Blackpool Council let dozens of employees go last year, figures show, costing hundreds of thousands of pounds in redundancy payments.

The Association of Local Authority Chief Executives and Senior Managers said job losses will continue across England because the Government does not see local councils as a priority.

Figures from the Ministry of Housing, Communities and Local Government show 37 exit packages, totalling £620,100 were awarded by Blackpool Council in 2020-21.

The total value of exit packages nationally more than halved from £544 million in 2016-17 to £252 million last year in real terms.

Ian Miller, honorary secretary of the ALACE, said: “The higher spend between 2014 and 2017 reflects that councils were making very significant reductions in their workforce at that time as a result of the Government’s austerity programme which has cut funding for local government since 2010.

“Job cuts will continue because local government has not been a priority for this or previous governments.”

He added that councils aim to protect frontline services, and that workforce reductions slowed in 2020-21 because the focus was on responding to the pandemic.

Since 2014-15, the average cost of exit payments has risen by 31% for senior employees – when adjusted for inflation – and 15% for those below this level.

Mr Miller said costs for older employees tend to be higher as the local government pension scheme requires immediate payment of pension rights where someone over 55 is made redundant, or let go to make the council run more efficiently. The figures were published as part of the Government’s research into ending “excessively high”

exit payments in the public sector.

Legislation passed last year – which capped payments at £95,000 – was revoked in February after the Government admitted it may have had “unintended consequences” for the lowest paid workers.
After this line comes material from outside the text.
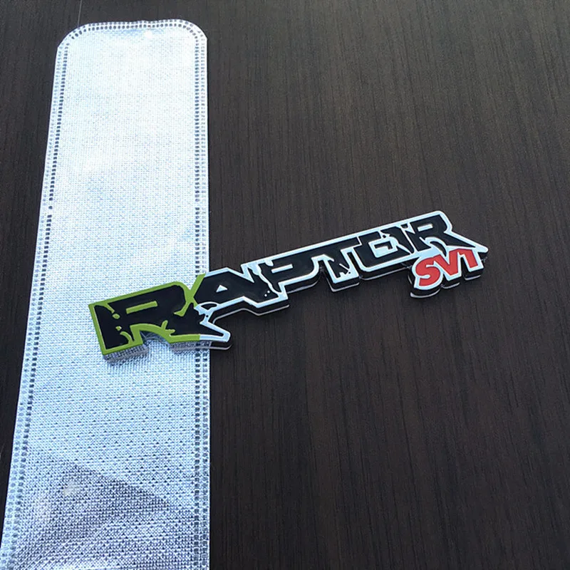 Enhance your vehicle's appearance with this eye-catching metal emblem, designed for a sleek and modern aesthetic. Crafted from durable metal, this emblem features detailed, vibrant colors that stand out on any vehicle. The bold “RAPTOR” text, combined with the contrasting white background, black outline, and luminous lime green accent, gives your car an aggressive and sporty look. The red “SVT” badge adds a touch of sophistication with its glossy finish. Perfectly lightweight at 30 grams, this emblem is easy to attach and durable enough to resist weathering. Whether for a Ford or Acura, this versatile accessory will elevate your vehicle's exterior with a custom, high-quality finish. Make your car truly unique today!
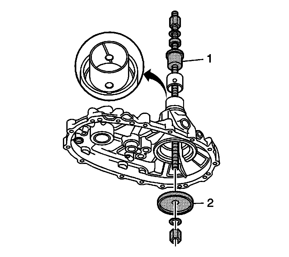 69. If removed, install the rear bushing in the rear case, using the J 45933-4 (1) and the J 45933-3 (2) of the J 45933 - assembly/disassembly kit.

Mr Miller said the figures show there is no need for a cap when the average exit payment is just £26,703.

The average cost of all exit packages in Blackpool last year was much lower, at £16,759 – up from £9,662 in 2019-20.

The Local Government Association said its survey of local authorities council restructures tend to be focused on removing senior posts, which means older, longer-serving and higher paid staff are often the ones affected – and these workers are also more likely to volunteer for redundancy.”

An LGA spokesman said: “Councils are required to ensure termination payments are fair, proportionate, lawful and provide value for money for the taxpayer.”

The MHCLG said councils are best placed to make decisions, but that the Government is still committed to tackling excessive exit payments.

An MHCLG spokeswoman added: “Severance pay is the responsibility of individual councils and we urge them to ensure that payments reflect value for money to the taxpayers who fund them.”